# Where can I buy high quality LED lighting for planted tanks OTHER than Marineland?



## KhuliLoachFan (Mar 8, 2008)

I am really unhappy with the selection of LED lighting available in big box stores or in online order places around here. Both Big Als and MOPs carry Marineland LED lighting.

Apparently, there are other options, including TMC Aquaray and others. But I haven't seen them for sale anywhere in Canada, either in stores or online.

Warren

P.S. I'm not having much luck finding non-DIY (commercial) planted tanks with LED lighting discussions. Are people using Vertex? Aquaray? DIY only? Some other people are saying that it's too early, and that T5HO is still the way to go for plants.


----------



## Y2KGT (Jul 20, 2009)

J&L Aquatics out of BC sells the Aqua Ray LED Fixtures.
http://www.jlaquatics.com/info/418/Aqua+Ray+LED+Lighting+Fixtures.html
--
Paul


----------



## ameekplec. (May 1, 2008)

Check out any reef-related retail outfits. Almost all of them have multiple LED choices. Although all of them will be the wrong colour temp for planted tanks - they all run in the 10 - 22K range, where as over a planted tank you'll want a warmer colour.

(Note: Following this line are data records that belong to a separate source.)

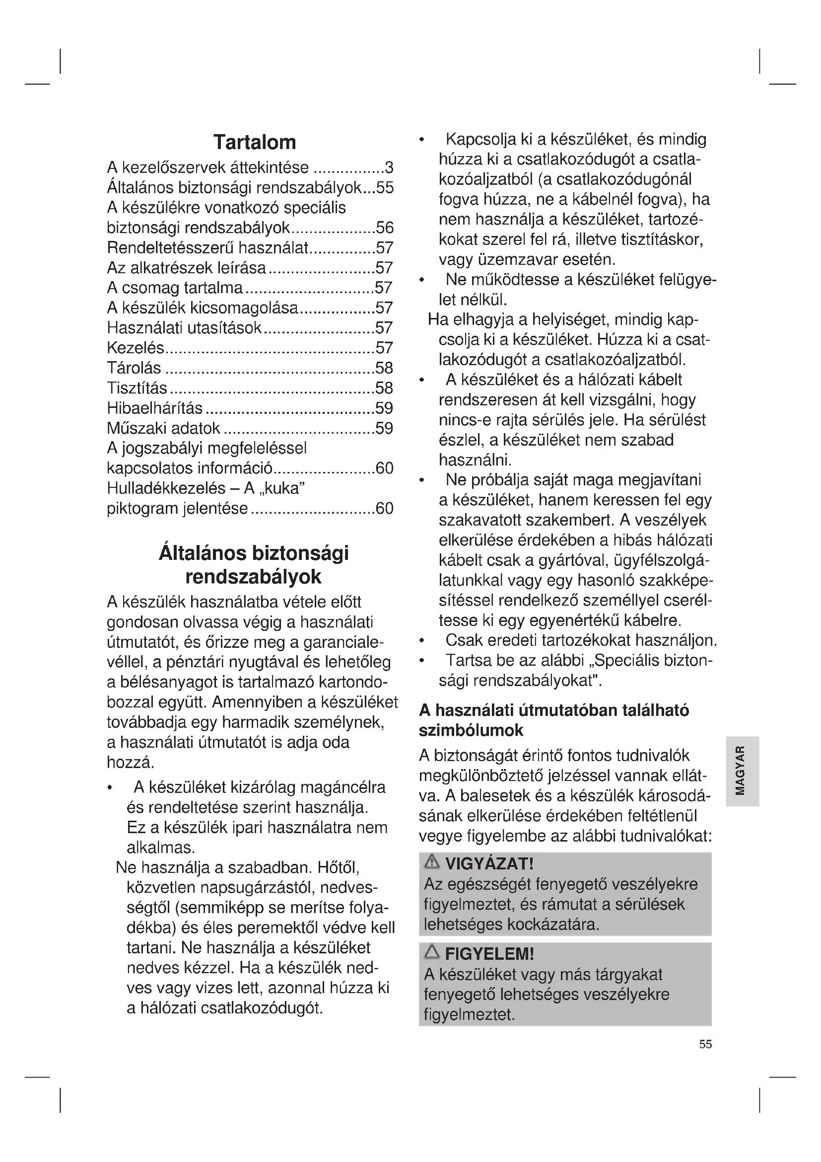 - Tartsabeazalábbi„Speciálisbizton- sági rendszabályokat". A használati útmutatóban található szimbólumok A biztonságát érintő fontos tudnivalók megkülönböztető jelzéssel vannak ellát- va. A balesetek és a készülék károsodá- sának elkerülése érdekében feltétlenül vegye figyelembe az alábbi tudnivalókat: VIGYÁZAT! Az egészségét fenyegető veszélyekre figyelmeztet, és rámutat a sérülések lehetséges kockázatára. FIGYELEM! A készüléket vagy más tárgyakat fenyegető lehetséges veszélyekre figyelmeztet.56 MAGYAR MEGJEGYZÉS: Tippeket és információkat emel ki az Ön számára. Gyerekek és rossz egészségi állapotú személyek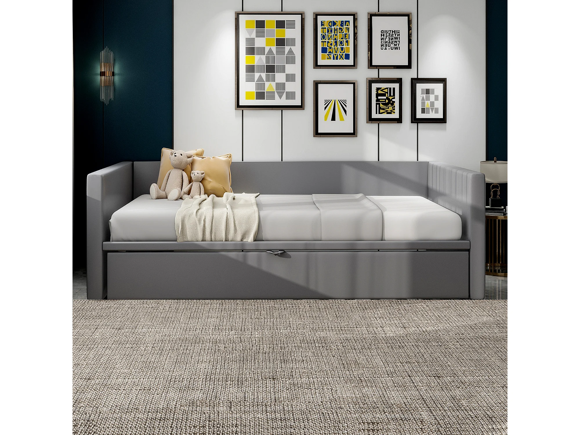 Sofá cama plegable tapizado 90/180x200 cm cama multifuncional en tejido de terciopelo - gris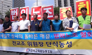 오는 19일 서울 행정법원의 전국교직원노동조합에 대한 법외노조 처분 1심 판결이 예정된 가운데, 9일 오전 김정훈 전교조 위원장이 광화문 정부청...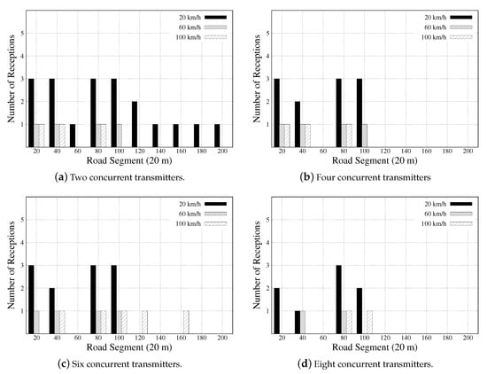 In order to evaluate the transmission based on beacon stuffing in an environment with interference, four simulation scenarios—varying the number of transmitters (GO) transmitting beacons periodically on the same operation channel—are executed. In all cases, there is only one node modeled as a vehicle (receiver). The results show the number of BSMs received in each 20 m segment, based on the BSMs transmitted by the pedestrian (GO) located closest to the obstacle. All pedestrians (the GO located closest to the obstacle and others acting as interference) are positioned 3 m away from each other. Figure 8a–d presents the number of receptions in the scenario with NLoS conditions and interference. Ten rounds are performed for each scenario evaluated.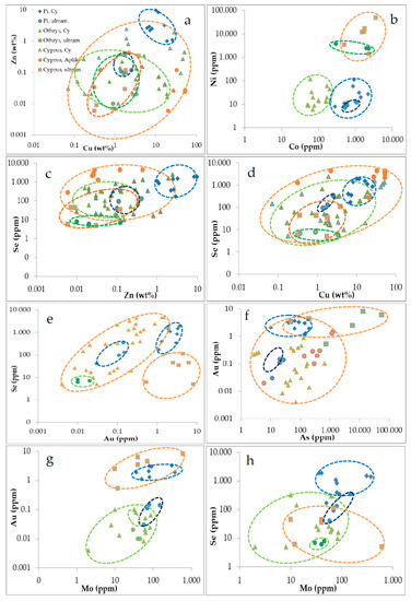 Major and trace elements in massive sulphide ores of Cyprus- and Fe–Cu–Co–Zn-type sulphides from the Pindos ophiolite complex, along with those from comparable ophiolites such as the Othrys and Troodos ophiolite complexes [29,30,31,32,33], are plotted in Figure 6. Although there are overlapping fields, it seems likely that the Pindos sulphides can be distinguished by their higher Zn (Figure 6a,c) and Co (Figure 6b) contents (Figure 6). The highest Se contents were recorded in the Pindos and the Apliki ores (Cyprus) accompanied by Cu and Au contents (Figure 6d,e). A positive trend is also clear between Au and As (Figure 6f).

Ever considered a DIY solution?


----------



## KhuliLoachFan (Mar 8, 2008)

That's basically it. For a planted tank, DIY seems the way to go. Or the marineland units, which are basically still a very cold white light, not correct for planted tanks, and not a high-PAR led unit like the reef ones. All the aquaray ones are reef units.

W


----------



## Y2KGT (Jul 20, 2009)

KhuliLoachFan said:


> All the aquaray ones are reef units.
> 
> W


Not true. The GroBeam are for Planted tanks.

The GroBeam 1000 uses 6500K natural daylight Compact PowerLEDs emitting over 800 lumens making it especially suitable for planted aquariums and for enhancing the colours of your tropical fish.

Perfect for planted tanks, tropical aquariums and specialist indoor plants.

http://www.jlaquatics.com/product/l...LED+Light+Strip+(2-12W+Natural+Daylight).html
http://www.jlaquatics.com/product/ld-ar1515/GroBeam+1000+ND+LED+Light+Tile+(Natural+Daylight).html
--
Paul


----------